Project Premortem for Solo Builders
Updated
Knowledge on this page was mainly distilled from Act Like It’s Impossible to Fail.
A premortem is a simple planning exercise: assume the project failed, then list the most plausible reasons before reality has to teach them to you. For solo builders, it is useful because it surfaces avoidable risks early without requiring weeks of planning.
The goal is not to predict every problem. The goal is to turn vague anxiety into specific checks, constraints, and kill criteria that make the next iteration safer and faster.
Basic premortem prompts
- Assume failure: If this project failed in 90 days, what most likely caused it?
- Name preventable risks: Which causes can be reduced now with a smaller scope, clearer metric, or earlier test?
- Set decision rules: What result would make you continue, pivot, pause, or stop?
Q&A
What is a premortem?
A premortem is a planning exercise where you assume a project has already failed and then work backward to identify the most likely causes. The point is to surface risks before the work becomes emotionally expensive to question. It is commonly used as a guardrail against overconfidence, especially when teams or founders are excited about an idea.
How is a premortem different from a postmortem?

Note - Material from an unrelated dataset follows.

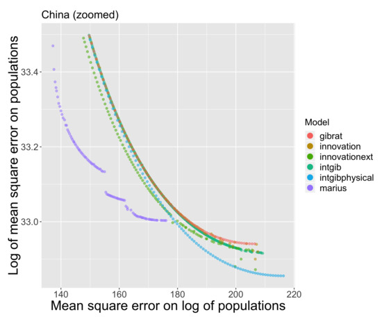 The case of Chinese cities is interesting, not only because of the peculiarities of the urbanization process in this rapidly urbanizing country still with a very old system of cities for half a century [78], but also because the complication of local sources of territorial information about urban populations [62,79]. What emerges from Figure 8 that represents the fitness of dynamic models is a striking quasi-equivalence between all models considered, except for the Marius model (purple) which slightly dominates the other Pareto fronts when medium-sized cities are privileged. Otherwise, all models are very close to the Gibrat’s model (red). Such an “anomaly” when compared to the simulations made on all other regions of the world can be interpreted to be produced by the systematic character of the Chinese urban planning aiming at developing urban areas in a parallel way all over the Chinese urban regions. Models introducing spatial interaction produce patterns expected when geographical bottom-up processes of interaction are considered only, but they cannot anticipate highly top-down planned urban development actions.
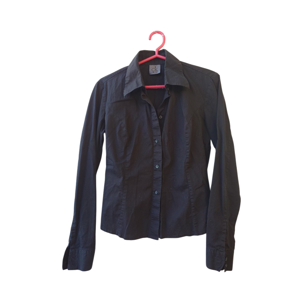 Musta kauluspaita, slim fit, pitkähihainen. Kevyesti joustava. Koko 36/ S

A premortem happens before the work ships, while a postmortem happens after something goes wrong or ends. A postmortem explains what happened; a premortem tries to prevent predictable mistakes before they happen. Used together, they improve both planning and learning.
When should a solo builder run a premortem?
A solo builder should run a premortem before committing serious time, money, or reputation to a project. It is especially useful right before a build phase, launch, pricing change, or channel bet. If the cost of being wrong is rising, it is a good time to do one.
Can a premortem make you too pessimistic?
Yes, it can if you use it as a reason not to test anything at all. The healthy use is to reduce obvious failure modes while preserving motion, not to design a perfect plan. If your premortem creates more delay than clarity, the exercise is being overused.
What questions should a good premortem include?
A good premortem asks what failed, why it failed, which causes were knowable in advance, and what evidence would have warned you earlier. It should also ask what metric would prove traction is absent and what constraint keeps the test small. Those questions turn fear into decisions instead of rumination.
What should you do with the list after the premortem?
You should convert the list into concrete changes such as a smaller scope, a faster metric, a user interview, a pricing test, or a stop rule. The output should be a short action list, not a long document. If nothing changes after the exercise, the premortem was mostly theater.